Un Libro importante per capire il magistero di Papa Francesco


UN LIBRO IMPORTANTE PER CAPIRE IL MAGISTERO DI PAPA FRANCESCO

Daniele Menozzi, professore emerito alla Scuola Normale Superiore di Pisa, è uno dei più importanti storici italiani. Il suo libro uscito recentemente, Il papato di Francesco in prospettiva storica (Morcelliana, 2023), costituisce a nostro parere un contributo prezioso alla comprensione dell’operato di papa Francesco, che non ci sembra sia sempre apprezzato come merita all’interno della Chiesa (mentre, paradossalmente, è seguito con grande simpatia da molti ‘laici’, estranei o ai margini rispetto all’istituzione ecclesiastica, o dagli appartenenti ad altre religioni). Come occasione per chiarirsi le idee, o almeno per affrontare una seria discussione, ci farebbe piacere che la ricerca di Menozzi fosse letta da tutti i preti della diocesi di Pavia (beh, non esageriamo: diciamo la metà… diciamo il dieci per cento...) e da molti laici. Il libro presenta molte sfaccettature, su cui non possiamo soffermarci. Ci limiteremo qui a indicare, con le parole dell’autore, quale ci pare la tesi fondamentale: “Francesco avanza una proposta di riforma ecclesiale che parte da una precisa consapevolezza: è irrimediabilmente tramontato il progetto di ritornare a un regime di cristianità, in precedenza perseguito, sia pure in modi diversi, dall’autorità ecclesiastica. In questa situazione tocca a tutti i battezzati - laici e pastori insieme - individuare le modalità di un nuovo annuncio del Vangelo, la cui intelligenza, legata ai segni dei tempi, trova oggi una fondamentale cifra interpretativa nella figura fraterna e misericordiosa del buon samaritano. Il prossimo sinodo universale – e il suo rapporto con i cammini sinodali intrapresi dalle Chiesa nazionali – sarà una cartina di tornasole per verificarne l’effettiva accettazione e l’eventuale declinazione” (p.15). Cerchiamo di esplicitare alcune delle implicazioni di queste indicazioni.

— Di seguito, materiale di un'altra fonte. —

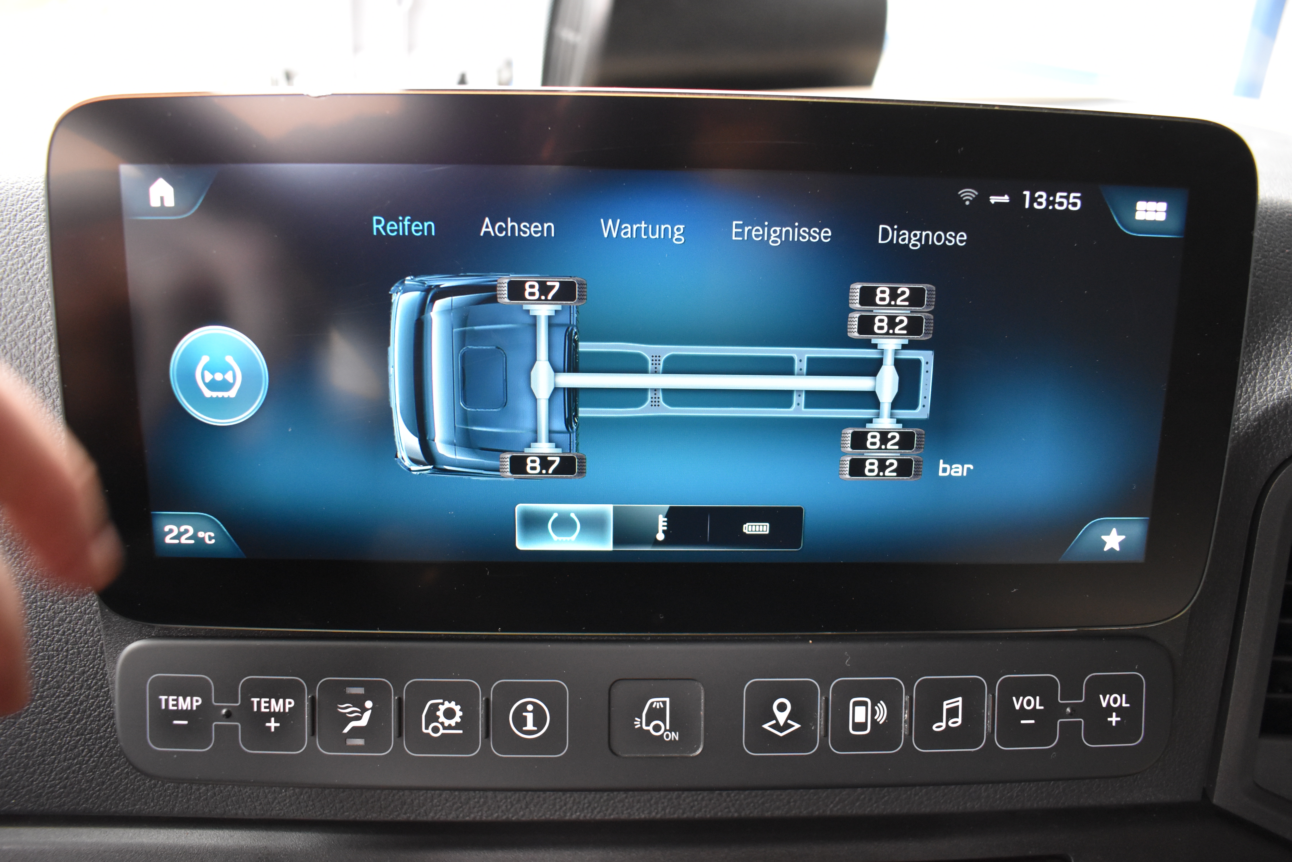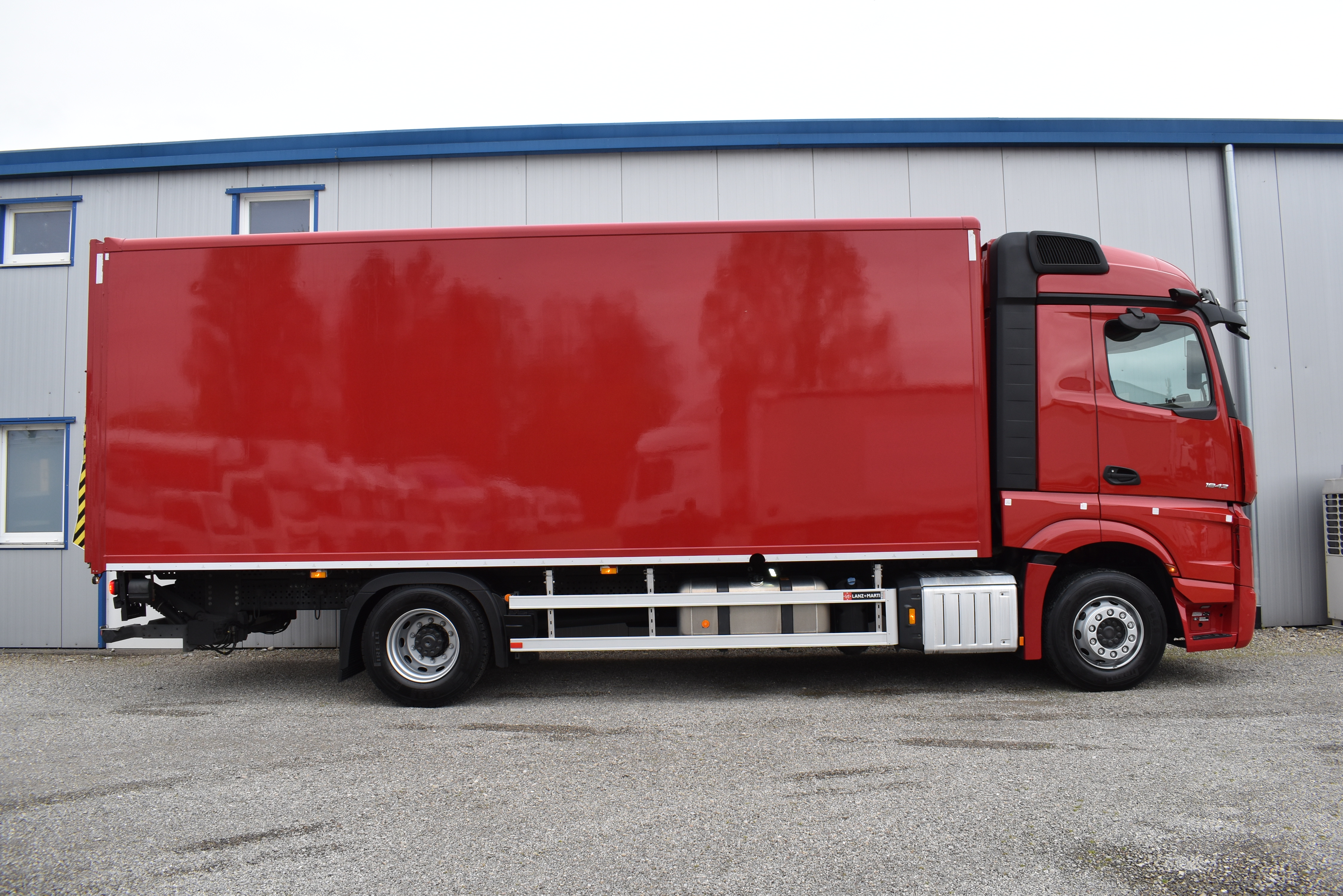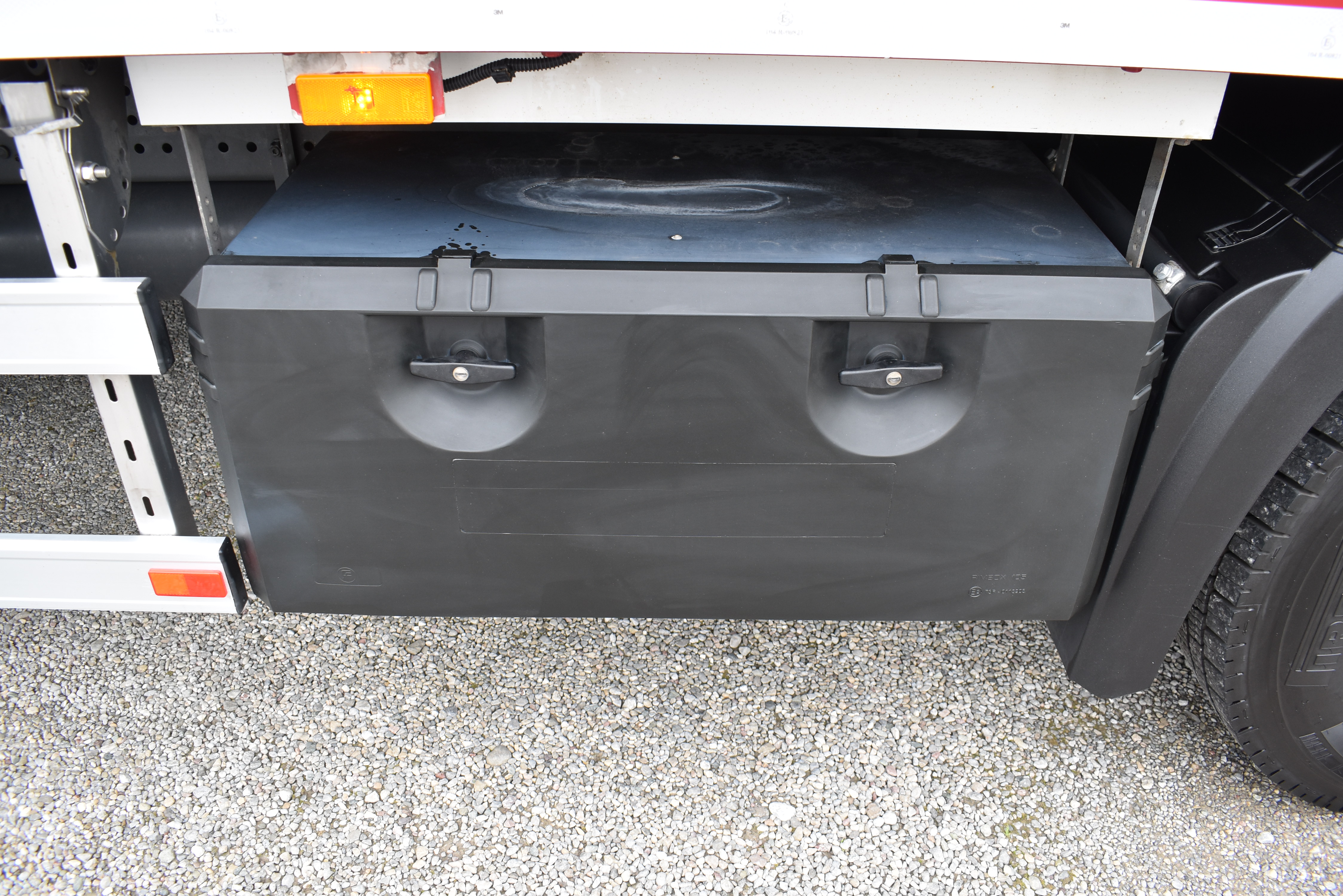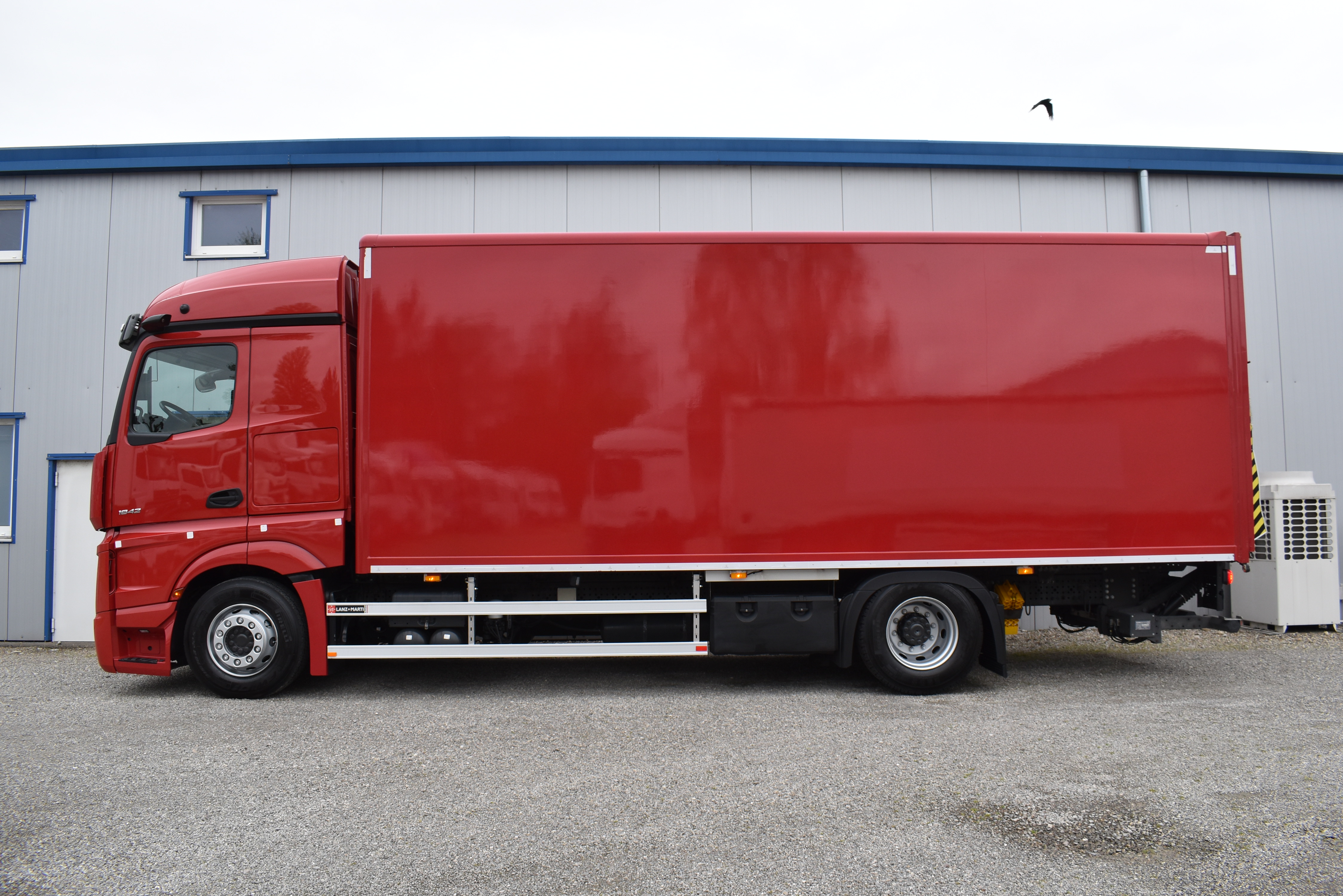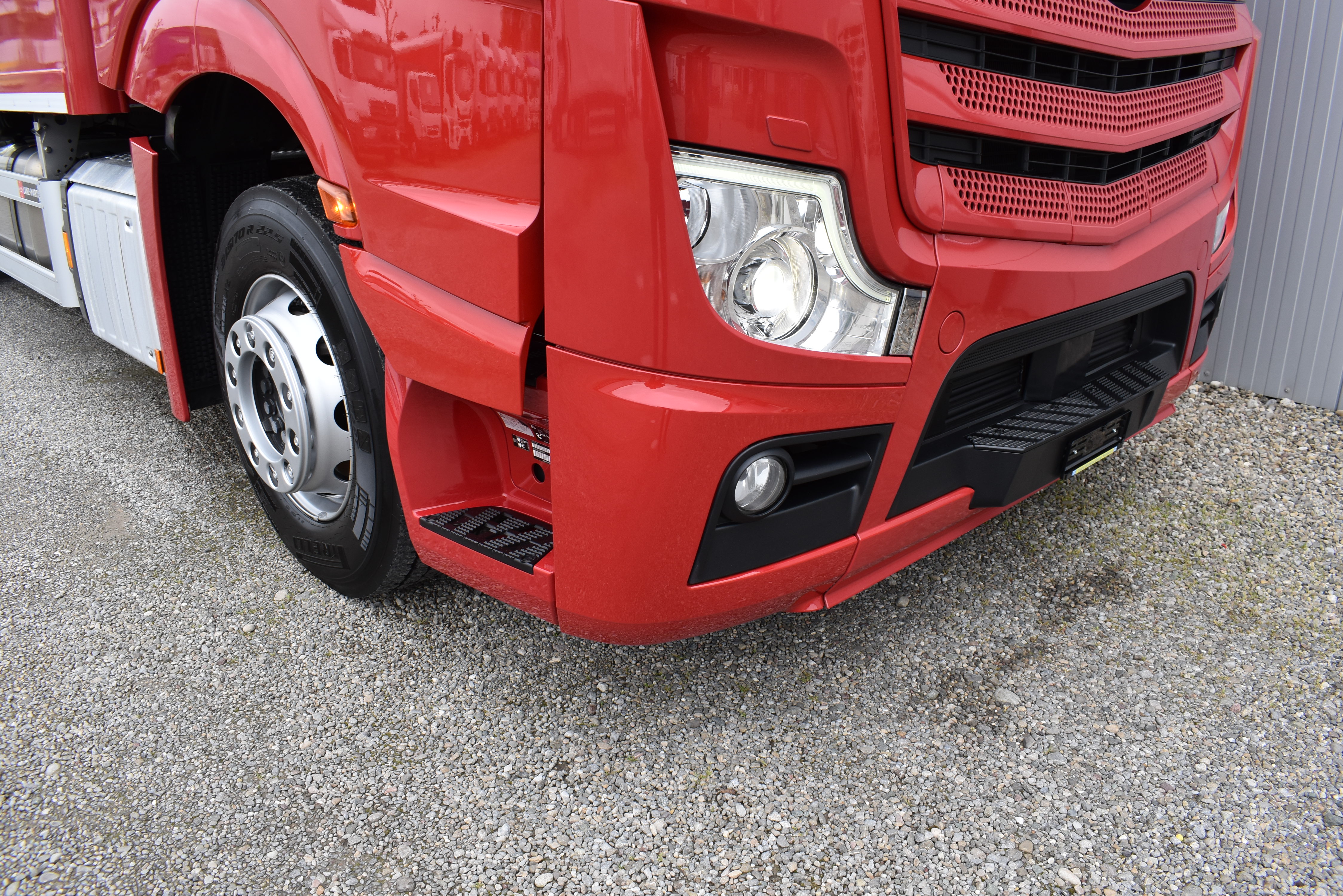 Klimaautomatik, Standheizung, EU-Bremsen, Duomatic-Anschluss, ABS, ASR, elektrische Fensterheber, Motorbremse, Vollluftfederung, HB-Blatt (1'600 mm mit Funkfernbedienung), Scheibenbremsen, Zentralverriegelung (mit Funkfernbedienung), 1 Liege, Abstandsregeltempomat, AdBlue-Tank, Airbag Fahrer, Aluminiumtank, Anfahrassistent, Anhängerkupplung (Rockinger), Beifahrersitz (klappbar), Digital-Tacho, ESP, Hebebühne (Mammut mit 2'000 kg Tragkraft), Holzfussboden, Licht- und Regensensor, Lochschienen (5 Stück in Reihe längsgerichtet unter dem Dach), Multifunktionslenkrad, Navigationssystem, Sitzheizung, Spurassistent, Werkzeugkiste, Xenonscheinwerfer |

In primo luogo ricordiamo la distinzione, già proposta da sant’Agostino, tra fede e dottrina, cioè tra fides qua (la fede come apertura alla Trascendenza, a Dio) e fides quae (le formulazioni che la Chiesa dà della fede nel corso dà dei secoli). Tra le due esiste parentela, ma non certo identità. A riprova di ciò, si provi a leggere oggi, o a rileggere, il Sillabo, emanato da papa Pio IX nel 1864 in appendice all’enciclica Quanta cura, cioè l’elenco dei ‘principali errori del nostro tempo’. Lo spirito di questo documento è compendiato dalla proposizione LXXX, che comminava l’anatema a chiunque sostenesse che “il Romano Pontefice può e deve riconciliarsi e venire a compromesso col progresso, col liberalismo e con la moderna civiltà”. Ogni commento è superfluo. Veniva qui ribadita una tradizione dottrinale di contrapposizione radicale alla modernità, e insieme di mitizzazione di un Medio Evo idealizzato, che ha prevalso nella Chiesa cattolica per un secolo e mezzo, tra Ottocento e prima metà del Novecento. Ma tale tradizione è stata ribaltata, in linea di principio, dal Concilio Vaticano II. Joseph Ratzinger, negli anni Settanta, espresse in modo icastico questa contrapposizione tra le due impostazioni: la Costituzione pastorale Gaudium et spes, disse, è l’Anti-Sillabo. Papa Francesco, sin dagli inizi del suo pontificato, è stato completamente d’accordo con la nettezza di questa contrapposizione. “Lo mostra la ripresa nell’[Esortazione apostolica] Evangelii gaudium della celebre frase con cui Giovanni XXIII nell’allocuzione di apertura del Vaticano II invitava a tener ben distinta la sostanza del messaggio evangelico dai cangianti registri che nel corso del tempo la rivestivano (n.41). In quest’ottica l’esortazione chiarisce che la Parola di Dio non è cristallizzata in una dottrina che ne stabilisce in via definitiva il significato. Tocca agli uomini di ogni tempo scoprirne la ricchezza in relazione alle concrete condizioni della storia che stanno vivendo. Si coglie qui l’affermazione di un altro tema giovanneo: l’affermazione che non è il Vangelo che cambia, ma siamo noi che nel corso del tempo giungiamo a comprenderne meglio il significato” (p.33).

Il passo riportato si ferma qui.